El chilate es un preparado tradicional guerrerense. Se hace a partir del maíz tostado, chile y dos variedades de cacao. Se le puede agregar anís, pimienta, jengibre y canela para condimentar, así como piloncillo para endulzar. Se sirve frío con frecuencia, dejando que la bebida caiga sobre el vaso o jícara desde una gran altura para que se haga espuma. Se disfruta con otro alimento mexicano tradicional—el buñuelo.

“El chilate ha sido mi vida. Intenté hacer, dedicarme a otras cosas, pero el chilate me daba mis ingresos. Antes cuando más joven me molía mis dos kilos diarios y en el puro metate. No es sencillo hacerlo; primero tienes que elegir el cacaotero que después se pasa por el metate y a pesar de los años no me canso. Mis manos a veces sí se cansan de tanto moler con estas piedras”, dijo Oliva Hernández, chilatera originaria de Guerrero.

Granos de cacao tostados que son la base de estas bebidas. Foto de Justin Sullivan/Getty Images.

En algunas zonas de Chiapas, la bebida de origen prehispánico se llama taxcalate o tascalate. Se registró como una de las bebidas originarias, en 1566, por parte del obispo Diego de Landa. Para hacerla, se utiliza tortilla de maíz tostada, molida y mezclada con cacao tostado, piñones, achiote, canela y azúcar. Se hace una mezcla que después se diluye en agua o leche para servirse en frío.

Otras dos bebidas muy ricas son el tejate y el atlaquetzalli. El tejate es popular entre los indígenas zapoteco y mixteco. Se hace a base de maíz, el ingrediente típico de Oaxaca; en la época prehispánica se usaba con fines ceremoniales. Este preparado era considerado como una bebida de los dioses. Requería de manos especializadas que no olvidaran nunca usar harina tostada de maíz, semillas de mamey, granos de cacao fermentados y flor o rosita de cacao. Tiene una espuma pastosa que ayuda a reconocer cuándo está lista para beberse.

“Una vez que lo mueles en el metate, te queda una pasta a la que le agregas agua, azúcar, y se revuelve todo para que te quede una pasta líquida pero espesa. Eso sí, la tienes que colar muchas veces para que le des el toque final, y después ya le agregas el hielo. Ya para que te salga la espuma en el vaso, a la hora de servirlo lo haces con cierta distancia y ahí te sale la espumita”, dijo la chilatera.

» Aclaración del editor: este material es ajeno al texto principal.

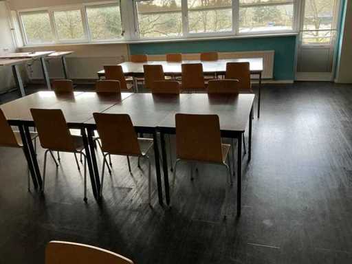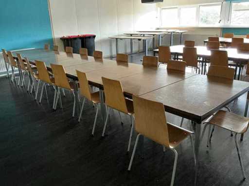 26 tafels (in diverse afmetingen) en 46 stoelen, inclusief diverse prullenbakken

Por último, sin ser menos importante, el atlaquetzalli, o “agua preciosa”, según relató el padre Sahagún en sus crónicas durante La Conquista, se vendía con gran demanda en los mercados, sobre todo a la gente de la alta sociedad. Era una bebida roja, espumosa y amarga, muy codiciada en el pasado. La forma de preparación requería desde el principio la molienda de café, y la selección, remojo, filtro y aireo de los ingredientes; se espumaba de manera particular. Llevaba elementos naturales como semillas de cacao, chiles, flores, orejuela, vainilla, teonacaztle, acuyol, miel de abejas silvestres, flor de magnolia y varias hierbas aromáticas, entre ellas la hoja santa.